Daddy held him at a safe distance while the cakes went in to the oven.

Cake layers cooling on racks prior to filling/frosting
Far left is the layer The Imp made



Right then, dabbing a wee speck of sentiment from my eyes, on to frosting.


The genesis of cream cheese frosting


Add pure cocoa powder & icing sugar

Like most things in life, it needed more chocolate...

...and Kahlua.

And strawberries & whipped cream, of course.


Now for the assembly:


At this point in the process, I had to stop taking photos as things were getting a little messy. The four layers stacked were somewhat lacking in structural integrity. (Let's just say it's not an earthquake-proof cake.) And then the cream cheese frosting wasn't sticking to the whipped cream and the whole thing threatened to devolve into not so much cake as birthday pudding. I live in fear of the car journey to my sister-in-law's house.

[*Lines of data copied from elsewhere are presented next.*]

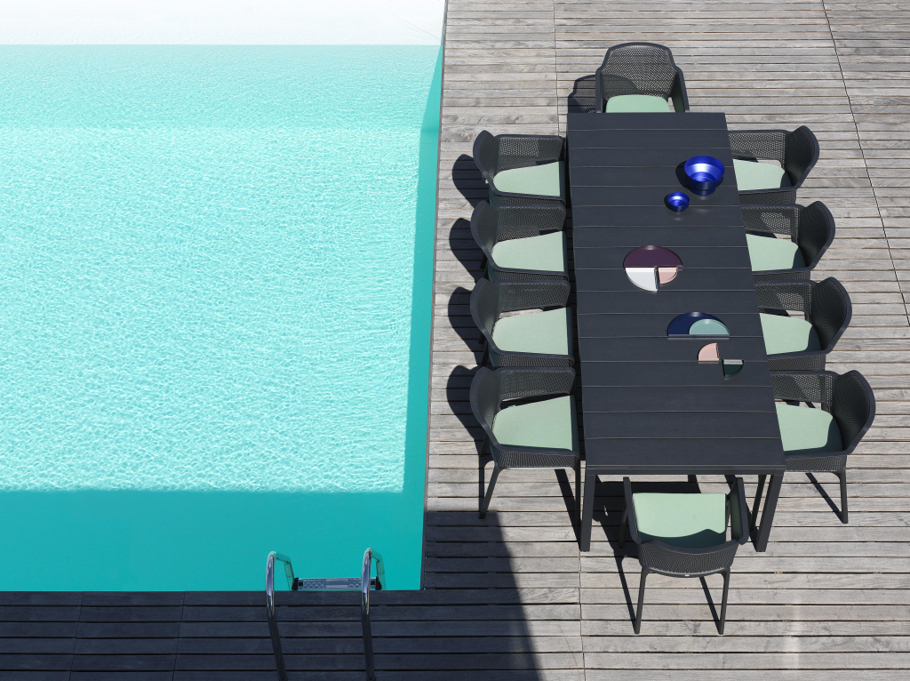 Дизайн: Raffaello Galiotto. Пластиковый раздвижной стол Rio 210 Extensibileс архитектурными деталями и яркой индивидуальностью разработан для создания гибких и современных пространств. Решетчатая столешница DurelTop с УФ-обработкой и окрашенная алюминиевая рама обеспечивают долговечность и надежность модели. Благодаря вставкам длина стола может изменяться от 2100 до 2800 мм.Надежнаяи функциональнаямодель станет идеальнымрешениемдля столовой на открытом воздухе, сада, террасыили площадки возле бассейна. Особенности: Ножки стола выполнены из окрашенного алюминия. Столешницы DurelTopобладают антивандальными свойствами, выполнены из прочного многослойного пластика, на поверхности не остаются следы от сигаретных окурков.Это равномерноокрашенный нетоксичными пигментами полипропиленвысокого качества с добавлением анти-УФ-агентов, который устойчив к воде и воздействию солнца, невыгорает и не меняет цвет под их воздействием. Материал легкий, долговечный, нетоксичный,антистатический и атмосферостойкий - настоящее итальянское качество! Регулируемые накладки на ножках. Желательно использование столав затененных местах. Продукт протестирован в соответствии со стандартом. Открыть технические характеристики. Открыть инструкцию по эксплуатации. Рекомендации производителя по уходу за мебелью: Полипропилен на 100% пригоден для вторичной переработки и легко дезинфицируется. Для эффективной очистки: Промойте изделие водой, чтобы удалить всю грязь и пыль с поверхности. Распылите на поверхность средство Magic Cleaner Nardiили неагрессивное универсальное моющее средство. Дайте моющему средству подействовать на несколько минут. Затем протрите влажной тканью или губкой. Для удаления стойких загрязнений и следов с поверхности производитель рекомендуетиспользовать средствоMagic Sponge Nardi имеламиновую губку.Промойте поверхность большим количеством воды и высушите насухо. Используйте зубную щетку, чтобы удалить грязь в труднодоступных местах.Характеристики
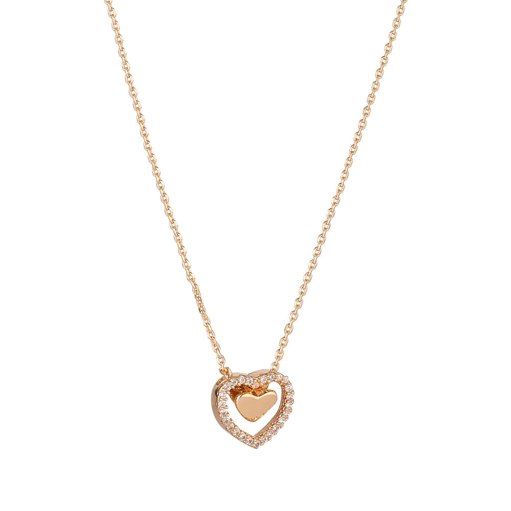 Beautiful fine chain threaded through floating centre heart and outer open heart embellished with CZ stones. Gold plating. Length 16" + 2" extension.
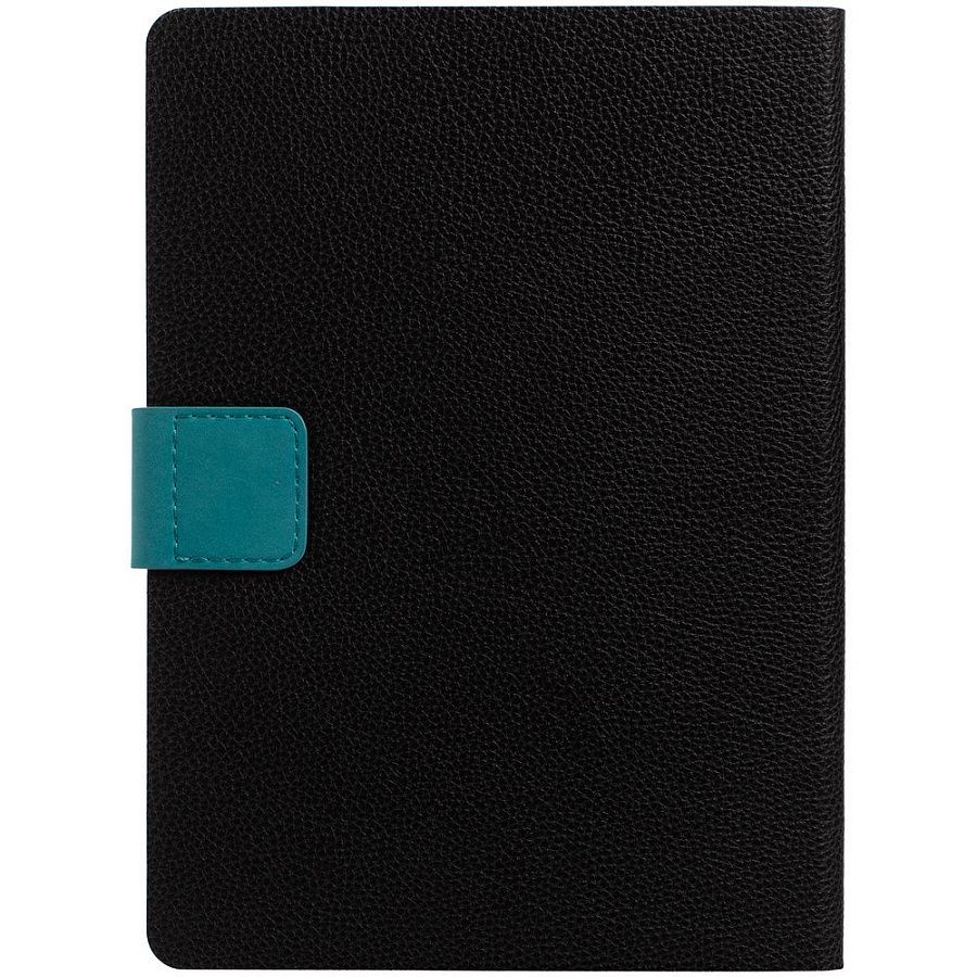 Ежедневник с гибкой обложкой, выполнен из материала La Fite, черный АА и Nubuck, цвет морской волны II, дополнен бирюзовым ляссе и хлястиком на кнопке.
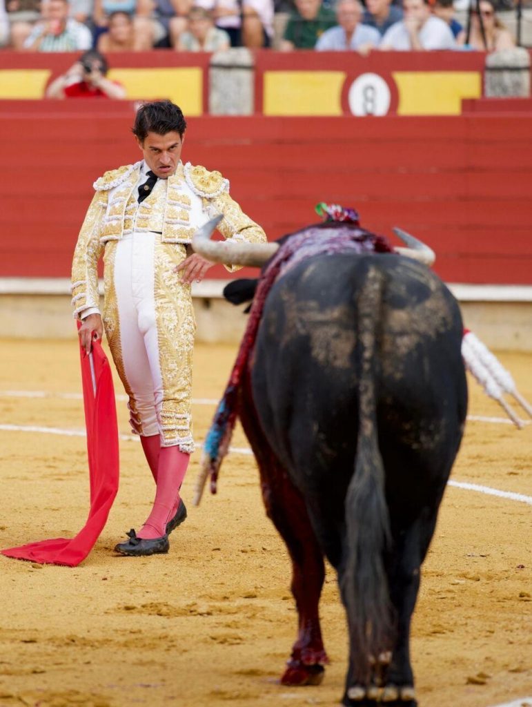 Su segundo, quinto de la tarde, hizo su aparición con tanto brío que fue a estrellarse frente al burladero de toriles, siendo apuntillado. El sobrero de Escribano Martín, también de gran trapío apretó en varas, pero todo quedó en espejismo. Pocas posibilidades ofreció al torero, que optó por cortar por la brevedad ante el nulo juego del astado. Buena estocada y sentida ovación.
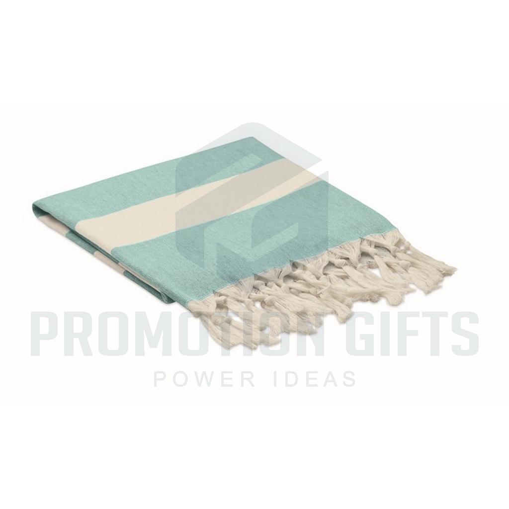 Διαφημιστικές Πετσέτες Χαμάμ ή Θαλάσσης AGOURA. Πετσέτες χαμάμ ή πετσέτες θαλάσσης από ανακυκλωμένα υφάσματα 140 gr/m². Πάρτε αυτή την πετσέτα μαζί σας στην παραλία, στο χαμάμ, στην πισίνα ή σε πικνίκ τις ζεστές καλοκαιρινές μέρες και χαλαρώστε.
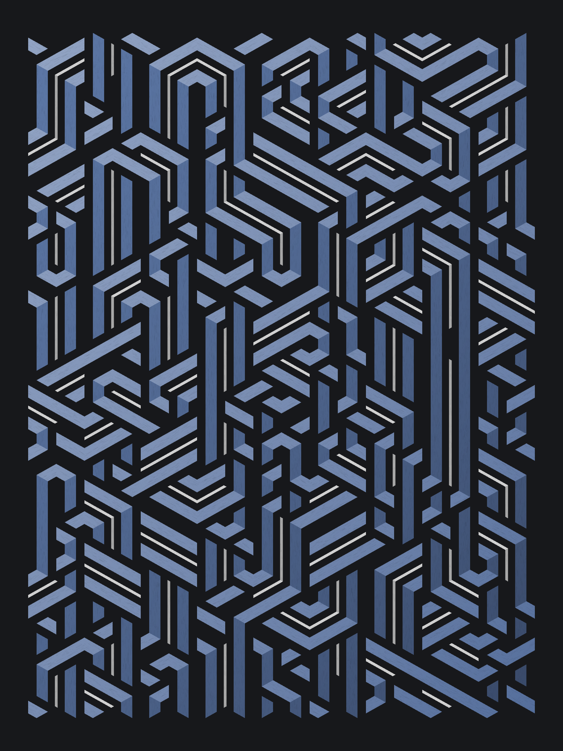 Lines are bent and shaded. There are no wrong turns. [Interaction in live view: press 1-7 or left/right arrow keys to see the stages of sketch construction: 1-grid, 2-divide, 3-tile, 4-bend, 5-shade, 6-color, 7-texture]
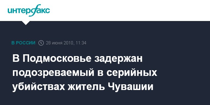 Москва. 27 июня. INTERFAX.RU – Оперативники Департамента уголовного розыска МВД России задержали в Подмосковье подозреваемого в серии жестоких убийств и изнасилований, совершенных на территории республики Чувашия в конец 90х-начале 2000-х г.г.
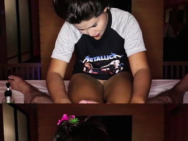 Panty less Thai teen gave a hot massage
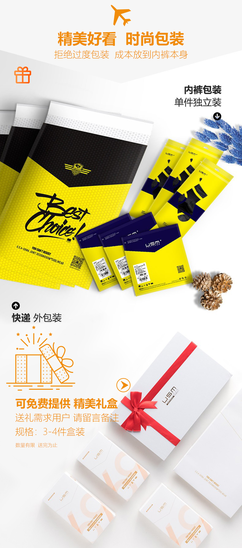 USM新品奢稀超柔男士內褲男三角褲前凸後翹性感內褲 個性時尚高級
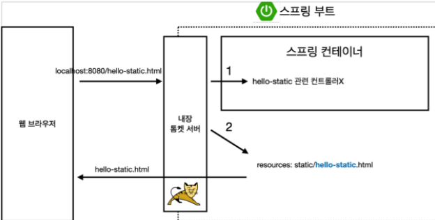 - localhost:8080/hello-mvc에 접속하면 내장 톰켓 서버로 간다.
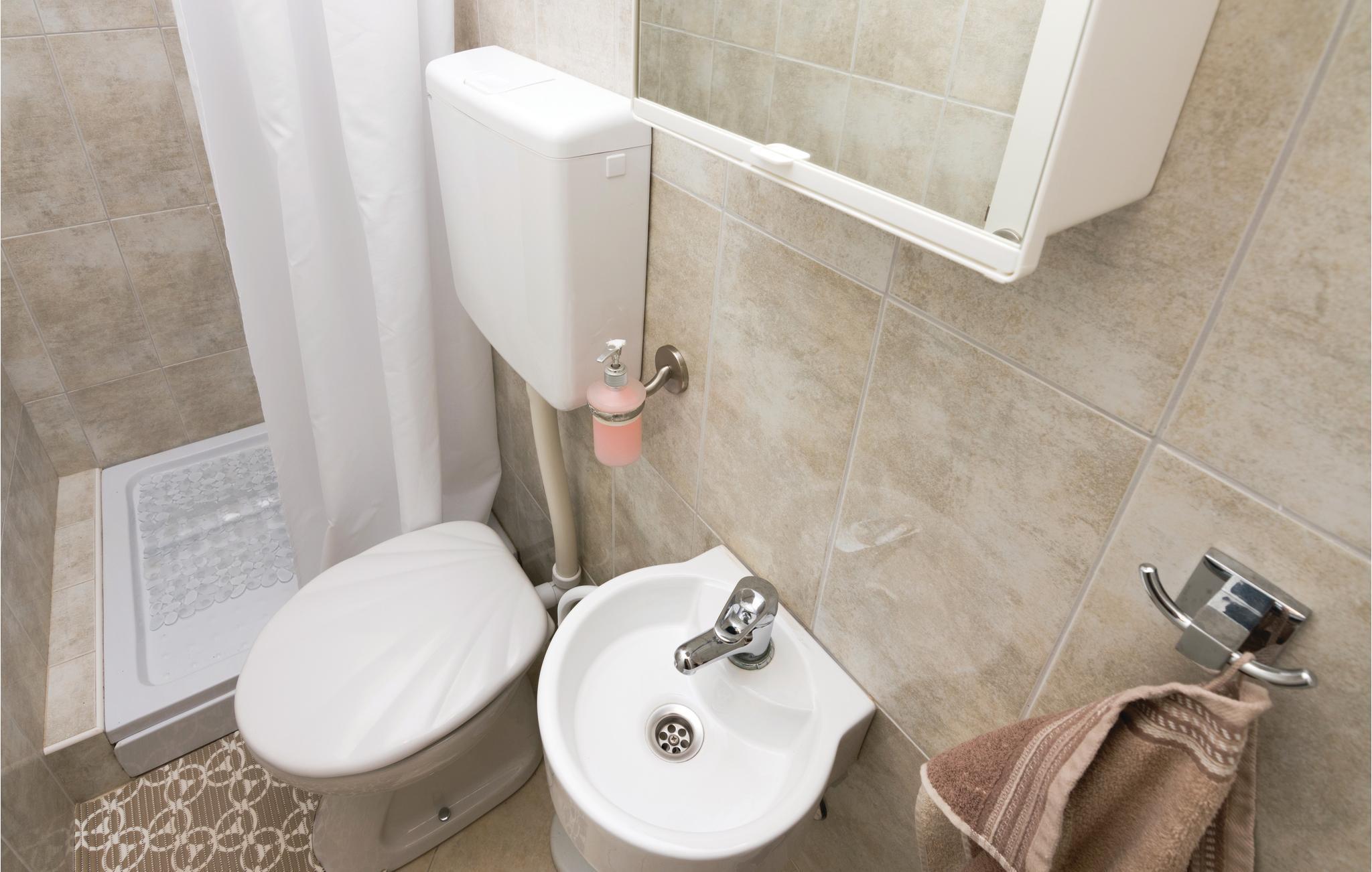 Badezimmer (nr. 2) - WC. Warmes und kaltes Wasser. Dusche

I did manage to use ALL the frosting and filling, so.



The finished product:




The takeaway:

My husband and I were talking this afternoon about the things we remember from our childhood; the things that made us really happy. For him it was going skating with his whole family every weekend in the winter. For me it was sitting under a tropical night sky with my dad and having him teach me the constellations of the southern hemisphere.

We realized one of those Important Truths. It's not the fancy birthday party, the cool new bike, the "event" moments in our childhood that stick with us. It's the simple time spent standing on a kitchen chair with your mom stirring together your first cake.